Mis hijos habían presionado sus manos, apoyadas en mi nuca, incorporándose a la súplica.
—Por supuesto, Zafrina —convine.
—Seremos grandes amigos, niños—aseguró la indómita mujer antes de partir en compañía de sus hermanas.
El éxodo continuó con el aquelarre irlandés.
—Bien hecho, Siobhan —la elogió Henry mientras se despedían.
—Ah, el poder de las ilusiones vanas… —respondió ella con sarcasmo mientras ponía los ojos en blanco—. Por supuesto, esto no ha terminado —añadió, esta vez hablando en serio—. Los Vulturis no van a perdonar lo ocurrido.
Regina era la única que podía responder a eso.
—Se han llevado un buen revolcón y su confianza se ha resquebrajado, pero sí, estoy segura de que algún día se recobrarán del varapalo y entonces imagino que intentarán darnos caza por separado… —concluyó con ojos entrecerrados.
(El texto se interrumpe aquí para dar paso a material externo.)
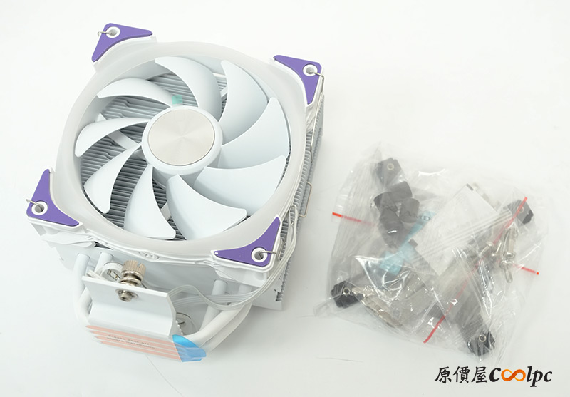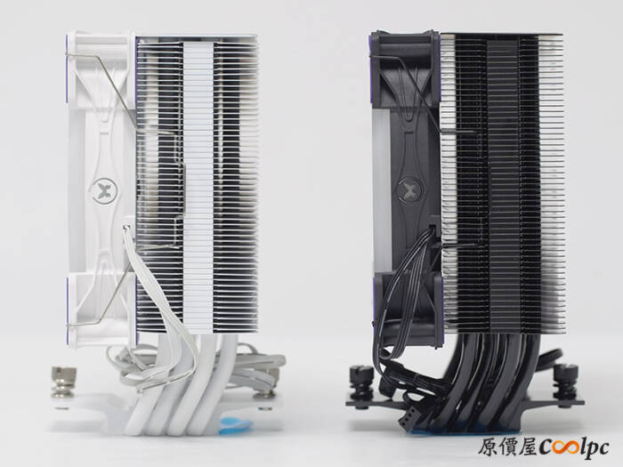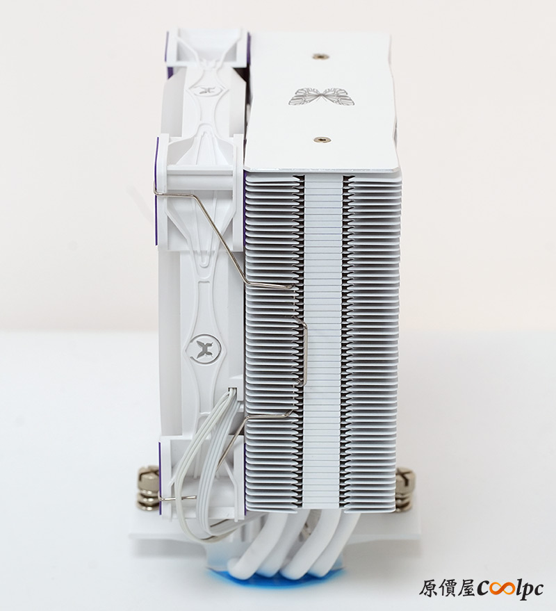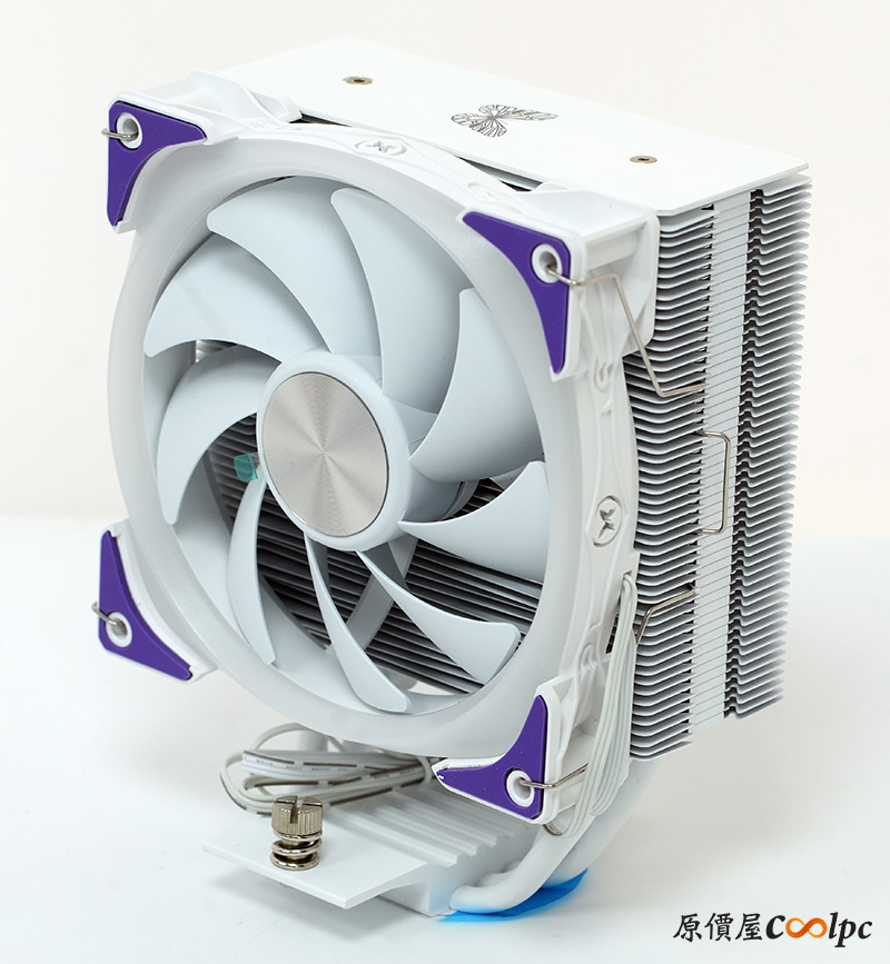 ST4 ARGB登場,白色的散熱器本體與風扇,風扇的防震膠墊還是SUPERFLOWER振華的招牌紫色,直接一個弗利沙配色XD,真是非常有記憶點。單塔單風扇設計,尺寸僅有120*70*153mm,外型小巧精美,鰭片排列的方式有交錯風格,看上去更有設計感。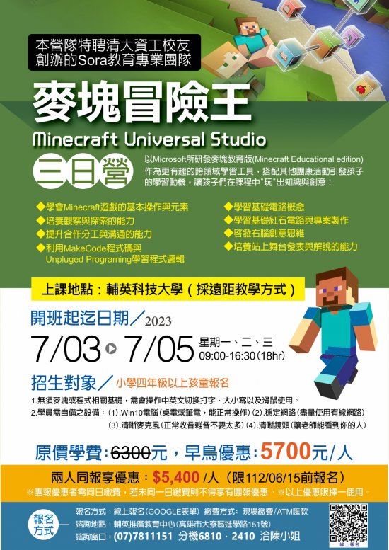 | 二、 | 小學4年級以上孩童報名,無須麥塊或程式相關基礎,需會操作中英文切換打字、大小寫以及滑鼠使用。 |

—Ruby nos avisará cuando intenten asestar su golpe —repuso Siobhan con aplomo—, y volveremos a reunimos en tal caso. Tal vez haya llegado la hora y nuestro mundo esté preparado para liberarse de los Vulturis.
—Tal vez llegue ese momento —replicó Henry— y estaremos juntos de ser así.
—Sí, amigo mío, así será —convino Siobhan—. Aunque yo sola meta la pata, ¿cómo vamos a fallar todos juntos?
Y luego soltó una gran carcajada.
—Exactamente —dijo Henry, que abrazó a Siobhan para estrechar a continuación la mano de Liam—. Haced lo posible por hallar a Alistair y explicadle lo sucedido. No me seduce la idea de que se pase toda una década escondido tras una roca.
Siobhan soltó otra risotada. Maggie nos abrazó a los niños y a mí; después, el aquelarre irlandés se marchó.
El aquelarre de Denali fue el último en emprender la partida. Garrett se marchaba en su compañía, y allí se iba a quedar, de eso estaba bastante segura. Ni Elsa ni Mal soportaban la atmósfera de júbilo imperante. Necesitaban tiempo para lamentar la pérdida de su hermana.
Huilen y Nahuel fueron los únicos en quedarse, pese a que yo esperaba que se hubieran marchado con las amazonas. Henry se sumió en una intensa conversación con Huilen, y estaba fascinado. Nahuel permanecía sentado junto a ella, escuchando mientras Regina nos contaba a los demás el resto de la historia del conflicto, cuyas interioridades sólo ella conocía.
—Ruby le facilitó a Gold la excusa necesaria para abandonar la lucha. Probablemente, habría seguido adelante con su plan original de no haber estado tan aterrado por Emma.
—¿Aterrado ese…? ¿De mí? —salté, muy escéptica.
Me dedicó una sonrisa mientras me lanzaba una mirada que no reconocí del todo; era tierna, pero también con una nota de sobrecogimiento e incluso de exasperación. Luego, siguió hablando para los demás y para mí.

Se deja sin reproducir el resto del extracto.